While that is good news, there have been mishaps, too, even if the staff mean to serve you well. There are wrong orders served, mistakes in getting your exact order or even the ability to say no to your requests no matter how simple. I once asked for an extra chair and the staff said they have no extra chairs. They are fully booked and the seats are all taken. Being a Hotel and Restaurant graduate, we were trained to look for solutions to such requests. I had to tell her to “go to banquet” where they have hundreds of extra chairs as far as I know. She did not budge. No extra chair for me. That is disappointing, especially when you know there is a service charge tacked on to your bill.

Next mishap, she gave us someone else’s iced tea and later wanted to take it back to bring it to the correct table.

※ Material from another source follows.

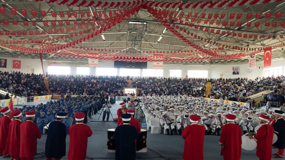 Protokol ve binlerce Kur’an sevdalısının katılımıyla Rize Yenişehir Kapalı Spor Salonunda gerçekleştirilen merasim, hafızların tekbir eşliğinde salona girmesiyle başlayıp mehter gösterisiyle devam etti.
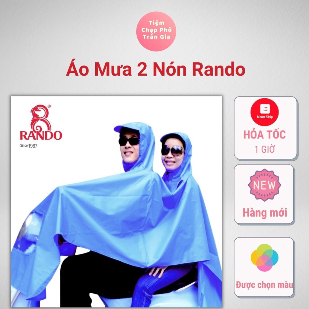 Áo Mưa 2 Nón Có Kiếng Che Đèn Xe Vải Dù Cao Cấp Chính Hãng Rando

All these after we drank the iced tea! These are situations where experience and good training come in. Alas, this was at a five-star hotel. Now. Tell me, do they deserve the service charge? Or is it just the hotel’s other way to add to a staff’s daily pay because their base rate is minimum wage? Or have we lost the art of training staff before they are deployed?

I honestly do not mind paying a service charge on top of the bill, but please give us some service. I remember when even as a trainee concierge at the front desk, we would be given tips just because we pleased a guest. And it feels good to be the giver as well as the recipient. That is the true test of good service – when a guest goes out of his or her way to send you a gift or a little extra just because you also went out of your way.

Also, in a fine dining restaurant where you are charged top dollar, they should know who ordered what. We were taught to have small crib sheets to indicate customer number on a “seat plan” and what each one is having. But today, many of those tricks no longer work. Even if you pay top dollar, a staff will likely ask, “Who’s having the foie gras?” That is a signal of not only bad service but of bad training by management. If you charge top dollar, please train your waitstaff.